Several other ISCHEMIA analyses, Morris noted, can be found in the Featured Clinical Research sessions and include a look at patients who had abnormalities in baseline renal function, as well as long-term clinical outcomes based on the severity of ischemia and extent of CAD at baseline. In all, there are three Featured Clinical Research sessions that will be streamed immediately following the LBCT I, II, and IV sessions.

Wait and See

Both Morris and Kates stressed that the ACC is working hard to innovate new ways for virtual attendees to engage with the content and interact with presenters and peers. Pathway tweeters will be chirping about content in both the virtual and on-demand content, a new ACC "member hub” has been created, as has an Instagram account, launched in October 2019, which already boasts nearly 23,000 followers.
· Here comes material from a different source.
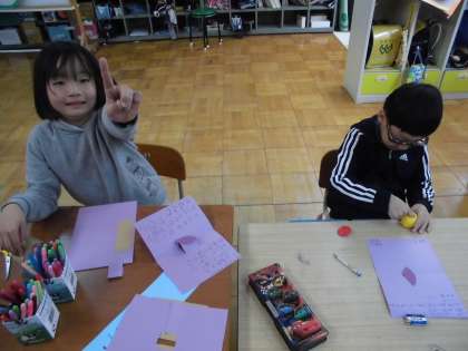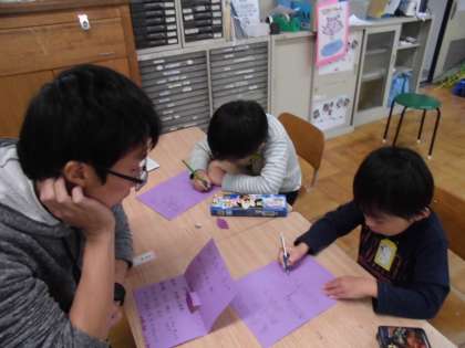 18日においもパーティーを計画しています。今日はパーティーにむけてのお誘いする学校にむけて招待状を書きました。「おいもパーティーにきてね」やプログラムなどを丁寧に書くことができていました。

So how will TCTMD cover ACC.20/WCC? The easy answer is: just as we would any other meeting—in as much depth, with as much haste, as we would do if we were all on-site. That said, I’m curious to see how our coverage differs from past meetings. Without a doubt, it will have a different flavor to it, since we need to digest trial results from the comfort (and isolation) of our home offices instead of in the big tent, where audience reactions always help us gauge whether something is more hype than hope. And we won’t have the same face-to-face access to thoughtful voices that can help balance our stories or offer some insight that no other news coverage picks up on. I will personally miss the camaraderie of working alongside the rest of the TCTMD team, not to mention all of the other reporters in the busy press room. I’ll be sorry not to bump into the many friends and familiar physician faces at the press conferences and on the conference floor.
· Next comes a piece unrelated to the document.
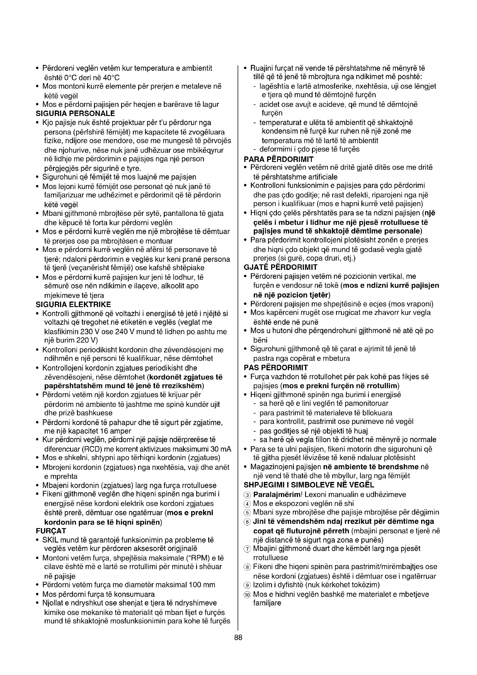3Paralajmërim! Lexoni manualin e udhëzimeve 4 Mos e ekspozoni veglën në shi 5 Mbani syze mbrojtëse dhe pajisje mbrojtëse për dëgjimin 6 Jinitëvëmendshëmndajrrezikutpërdëmtimenga copatqëfluturojnëpërreth (mbajini personat e tjerë në një distancë të sigurt nga zona e punës) 7 Mbajini gjithmonë duart dhe këmbët larg nga pjesët rrotulluese 8 Fikeni dhe hiqeni spinën para pastrimit/mirëmbajtjes ose nëse kordoni (zgjatues) është i dëmtuar ose i ngatërruar 9 Izolim i dyfishtë (nuk kërkohet tokëzim) 0 Mos e hidhni veglën bashkë me materialet e mbetjeve familjare89 PËRDORIMI

One way or another, TCTMD will bring you the news. And we’re relying heavily on you, the TCTMD community, to stay in touch by phone, email, Twitter, text, WhatsApp, or whatever other means you can think of during the ACC.20/WCC weekend. With none of us being on-site, we’ll need you more than ever to keep us apprised of things we might otherwise miss out on as we navigate this virtual congress.